Capturing Pertinent Symbolic Features for Enhanced Content-Based Misinformation Detection
Flavio Merenda, José Manuel Gómez-Pérez
TL;DR
The paper tackles content-based misinformation detection under heterogeneous linguistic and domain conditions. It proposes a hybrid approach that fuses symbolic linguistic features with RoBERTa-based adapters to enhance robustness and efficiency without requiring additional training data. Through dataset characterization and feature-selection analyses, it demonstrates the predictive value of symbolic features and their complementary role alongside neural representations. The proposed AdapterF model achieves state-of-the-art results across multiple datasets and shows strong generalization under domain shifts, highlighting the practical value of integrating structured knowledge into language models.
Abstract
Preventing the spread of misinformation is challenging. The detection of misleading content presents a significant hurdle due to its extreme linguistic and domain variability.
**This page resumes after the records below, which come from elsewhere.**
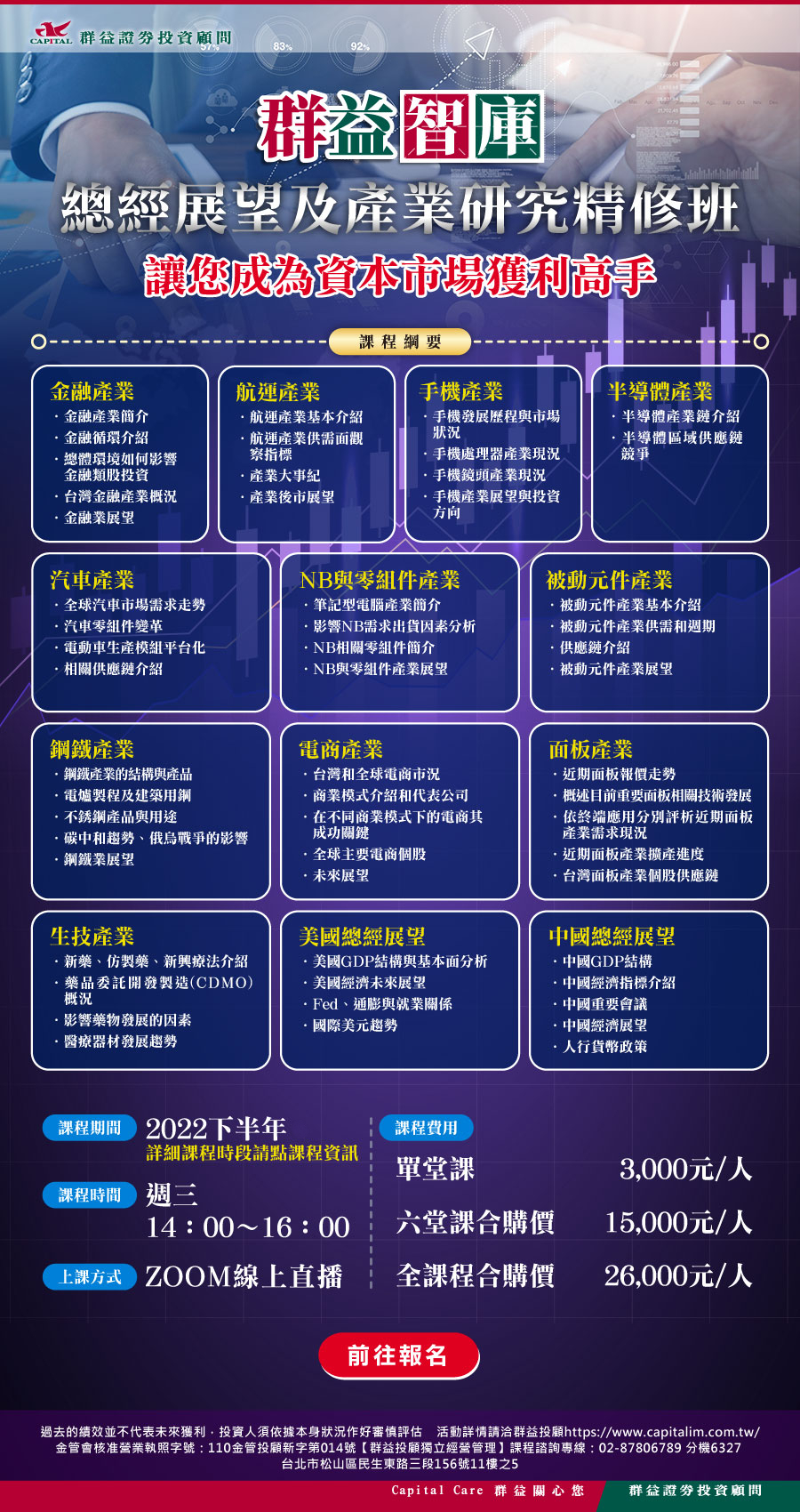 群益投顧2022下半年總經展望&產業研究精修課程(線上收費課程)
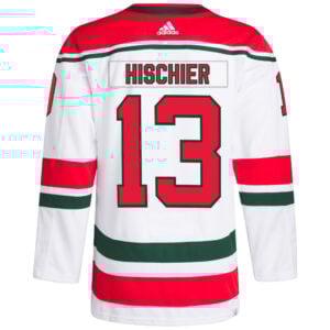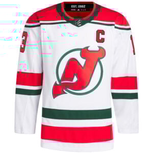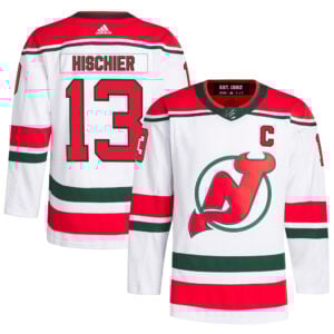 Stay sharp in the Nico Hischier New Jersey Devils White Primegreen Jersey. This eco-friendly jersey features stitched logos, embroidered numbers, patches, and Hischier’s name, allowing fans to combine Devils passion with sustainability.
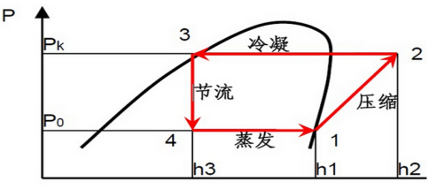 此处制冷剂由液态不断的蒸发为气态,是气液混合状态。由制冷剂同处于蒸发器内,压力不变,但制冷剂对外界吸热,由此比焓增加。从4点回到1点的过程是制冷剂由液态完全气化成气态的过程,也是吸热的过程。
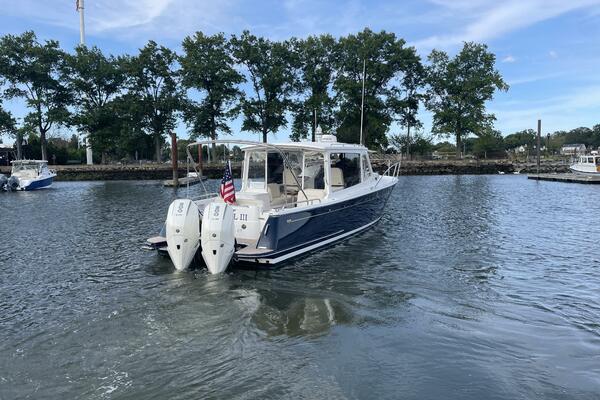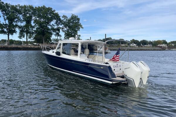 Twin Mercury 300 hp V8's with joystick steering and Platinum warranty through June 2028.
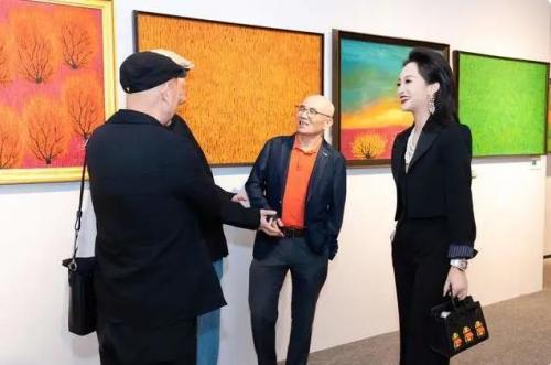 作为中国影视行业的重要领军人物之一,项亮月董事长的到场备受关注。在沙龙现场,项亮月董事长兴致盎然地参观了画作,并与在场的艺术家们进行了深入而愉快的交流。她认真聆听艺术家们对作品的解读,不时就艺术创作与当代文化表达等话题交换看法。其领导的亮月影视近年来出品了多部重大革命历史题材影视兼具艺术水准与市场口碑的佳作,项亮月本人对内容创作的前瞻性眼光和对艺术性的坚持,与本次画展所倡导的探索精神高度契合。
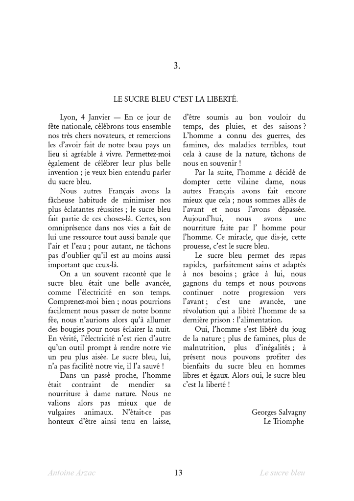 – l’organisation d’une société qui ne vit que par et pour l’aliment unique : le sucre bleu.

Content-based models have managed to identify deceptive language by learning representations from textual data such as social media posts and web articles. However, aggregating representative samples of this heterogeneous phenomenon and implementing effective real-world applications is still elusive. Based on analytical work on the language of misinformation, this paper analyzes the linguistic attributes that characterize this phenomenon and how representative of such features some of the most popular misinformation datasets are. We demonstrate that the appropriate use of pertinent symbolic knowledge in combination with neural language models is helpful in detecting misleading content. Our results achieve state-of-the-art performance in misinformation datasets across the board, showing that our approach offers a valid and robust alternative to multi-task transfer learning without requiring any additional training data. Furthermore, our results show evidence that structured knowledge can provide the extra boost required to address a complex and unpredictable real-world problem like misinformation detection, not only in terms of accuracy but also time efficiency and resource utilization.